Internal Planning in Language Models: Characterizing Horizon and Branch Awareness

The extent to which decoder-only language models (LMs) engage in planning, that is, organizing intermediate computations to support coherent long-range generation, remains an important question, with implications for interpretability, reliability, and principled model design. Planning involves structuring computations over long horizons, and considering multiple possible continuations, but how far transformer-based LMs exhibit them without external scaffolds, e.g., chain-of-thought prompting, is unclear. We address these questions by analyzing the hidden states at the core of transformer computations, which capture intermediate results and act as carriers of information. Since these hidden representations are redundant and encumbered with fine-grained details, we develop a pipeline based on vector-quantized variational autoencoders that compresses them into compact summary codes. These codes enable measuring mutual information and analyzing the computational structure of the underlying model behavior. Using this framework, we study planning in LMs across synthetic grammar, path-finding tasks, and natural language datasets, focusing on two planning properties: (i) the planning horizon of pre-output computations, and (ii) the extent to which the model considers alternative valid continuations. As a separate downstream use of the same pipeline, we also analyze how decision-relevant information is distributed across layers and earlier prefix blocks when producing next-token predictions. Together, these analyses advance our understanding of planning in LMs and provide a general-purpose pipeline for inspecting internal model dynamics. Our results reveal that the effective planning horizon is task-dependent, that models implicitly preserve information about unused correct continuations, and that predictions draw most on recent computations, though earlier blocks remain informative.
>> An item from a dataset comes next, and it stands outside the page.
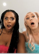 Sexy girls Kira Noir and Kay Lovely are big fans of busty influencer Chloe Surreal and they have broken into Chloe’s bedroom to sniff her panties when they find one of Chloe’s big dildos! They get so excited that they don’t even notice that Chloe is walking in on them!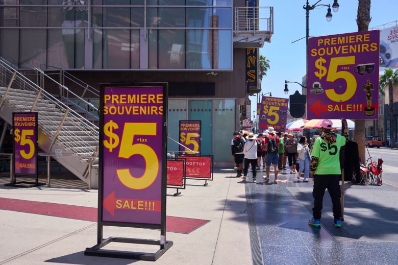 지난달 30일(현지시간) 미국 캘리포니아주 로스앤젤레스(LA) 할리우드 지역에서 사람들이 5달러짜리 기념품 표지판 옆을 지나가고 있다. [EPA]

翻译：解码器专用语言模型（LMs）在多大程度上进行规划——即组织中间计算以支持连贯的长程生成——仍然是一个重要问题，对可解释性、可靠性和有原则的模型设计具有深远意义。规划涉及在长视野上结构化计算，并考虑多种可能的延续路径，但基于Transformer的语言模型在没有外部支架（例如思维链提示）的情况下如何展现这些能力尚不明确。我们通过分析Transformer计算核心的隐藏状态来探讨这些问题，这些状态捕获了中间结果并充当信息载体。由于这些隐藏表示具有冗余性且包含过多细粒度细节，我们开发了一个基于向量量化变分自编码器的处理流程，将其压缩为紧凑的摘要代码。这些代码使得能够测量互信息并分析底层模型行为的计算结构。利用该框架，我们在合成语法、路径寻找任务和自然语言数据集中研究语言模型的规划特性，重点关注两个规划属性：（i）输出前计算的规划视野，以及（ii）模型考虑其他有效延续路径的程度。作为同一流程的独立下游应用，我们还分析了在生成下一个词元预测时，与决策相关的信息如何分布在各个层及更早的前缀块中。这些分析共同推进了我们对语言模型规划的理解，并提供了一个用于检查内部模型动态的通用流程。我们的结果表明：有效规划视野具有任务依赖性；模型会隐式保留关于未使用的正确延续路径的信息；预测主要依赖近期计算，但更早的计算块仍保持信息价值。